Energy production graph of power plants by months.
10.3 Estimated earnings of power plants by years
Figure 7 shows the estimated earnings graph of the power plants over the years. Since the efficiency loss is taken into account in the solar panels used, it is observed that there is a decrease in electricity production depending on time. Therefore, the profit which is obtained decreases with time, as well. The Hatay power plant, which has a more efficient geographical location in terms of solar radiation, achieved the highest gain. Çanakkale and Erzurum power plants, which are at approximately the same latitude, have higher gains than Erzurum power plants, which are in a colder region. Although the solar radiation values of the regions close to the equator increase, it is shown that the Sinop power plant gains close to the Erzurum power plant owing to special environmental conditions.
Estimated earnings graph of power plants by years.
Table 2 contains the financial data of the power plants. When Table 2 is examined; total expenses and investment costs are equal in all power plants. At the end of the twenty-first year, it is shown that the least profit is obtained from Çanakkale power plant and the highest gain from the Hatay power plant.
Income–expense table of the power plants
| Power plants | ||||
|---|---|---|---|---|
| Erzurum | Çanakkale | Sinop | Hatay | |
| Total earnings | Ł2497276.68 | Ł2398026.28 | Ł2491731.00 | Ł2835150.22 |
| Total expenses | Ł42000.00 | Ł42000.00 | Ł42000.00 | Ł42000.00 |
| Investment cost | Ł2220000.00 | Ł2220000.00 | Ł2220000.00 | Ł2220000.00 |
Figure 8 shows the graph of the financial status of the power plants at the end of the twenty-first year. Table 2 and Figure 8 show that Çanakkale, Erzurum, Sinop and Hatay power plants made a profit of 136026.28, 229731.00, 235276.68 and 541650.22 Ł, respectively.
Financial position graphs of power plants at the end of the twenty-first year.

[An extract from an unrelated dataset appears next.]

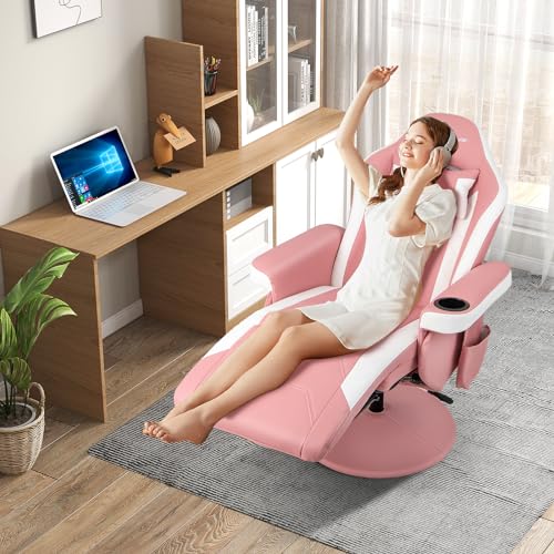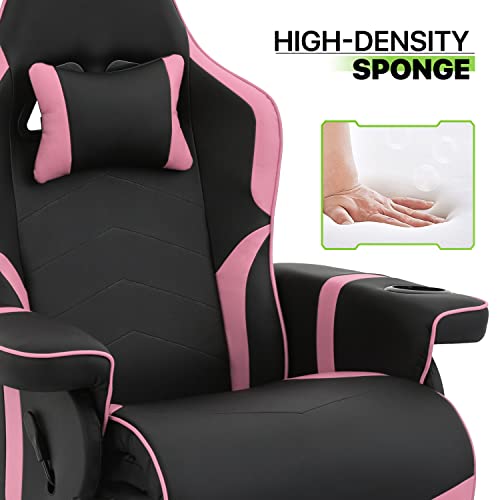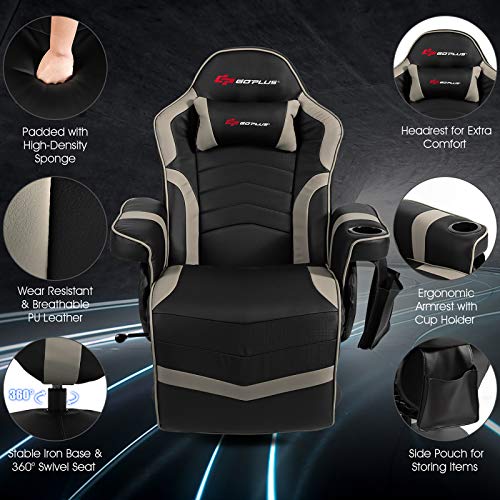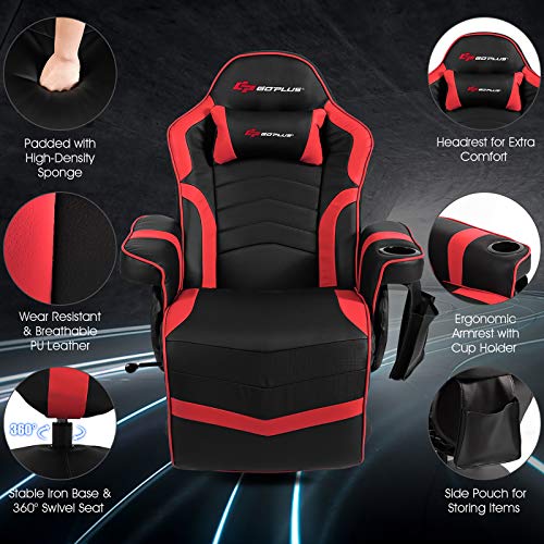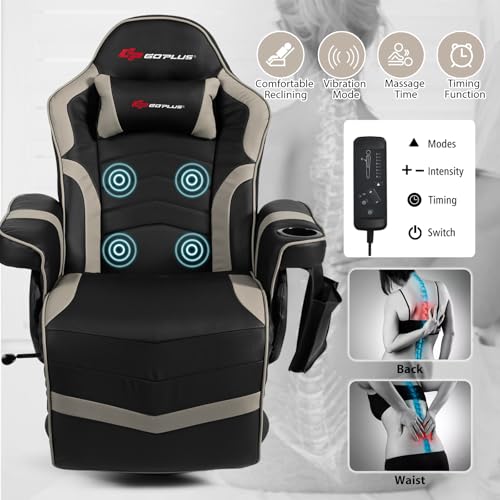 Goplus Massage Gaming Chair, Racing Style Gaming Recliner w/Adjustable Backrest and Footrest, Ergonomic High Back PU Leather Computer Office Chair Swivel Game Chair w/Cup Holder and Side Pouch

10.4 Annual specific gain data of power plants
Figure 9 shows the annual specific gain values of the four power plants. Although Erzurum and Çanakkale power plants are approximately at the same latitude, the effect of temperature difference due to altitude on panel efficiency is observed. Although Sinop and Hatay power plants are approximately at the same longitude, the Hatay power plant produced more electricity due to the high solar radiation on account of latitude.
Annual specific earnings of power plants.
10.5 Shading data of power plants
Figure 10 indicates the percentage gain and loss account of the power plants due to shading. The power plants are designed with the same features in the PVSOL program. On the contrary, due to their geographical location, the power plants have different cloudiness rates during the day and the year. Therefore, the gain/loss due to shading is different for each plant. Losses of gains in Sinop, Erzurum, Çanakkale and Hatay power plants are seen as 13645.19, 10464.78, 6508.93 and 5940.31 Ł, respectively.
Percentage gain losses of power plants due to shading.
11 Results
In this study, the effect of four different geographical regions in Turkey in electricity generation with solar panels on panel efficiency was analyzed using the PVSOL program. When the data obtained from the power plant models established in the PVSOL program are examined, it is seen that the change in latitude affects the solar radiation values. The amount of solar radiation is greater in areas close to the equator. Therefore, since the Hatay power plant, which is one of the selected regions, is closer to the equator, 13.78% more profit was obtained than the Sinop power plant. Changing the longitude values does not change the solar radiation values. However, since the temperature changes due to the altitude difference, it has been observed that the panel efficiency also changes. For this reason, the Erzurum power plant generated 4.13% more profit than the Çanakkale power plant. As a result, it is clearly seen that the PV systems to be installed in the region close to the equator and with high altitudes will make a profit in a shorter time. When investment and expenses are taken into account, a profit of 6.01% from the Çanakkale power plant, 10.15% from the Sinop power plant, 10.40% from the Erzurum power plant and 25.33% from the Hatay power plant. In addition to these, partial shading losses of modules were determined as 11.5% in Sinop power plant, 8.8% in Erzurum power plant, 5.7% in Çanakkale power plant and 4.4% in Hatay power plant. Considering these values, the efficiency of the panels can be further increased by using methods such as setting up the row spacing at the appropriate distance and avoiding the factors that will shade the modules.
Acknowledgments
There is no person or company to be acknowledged.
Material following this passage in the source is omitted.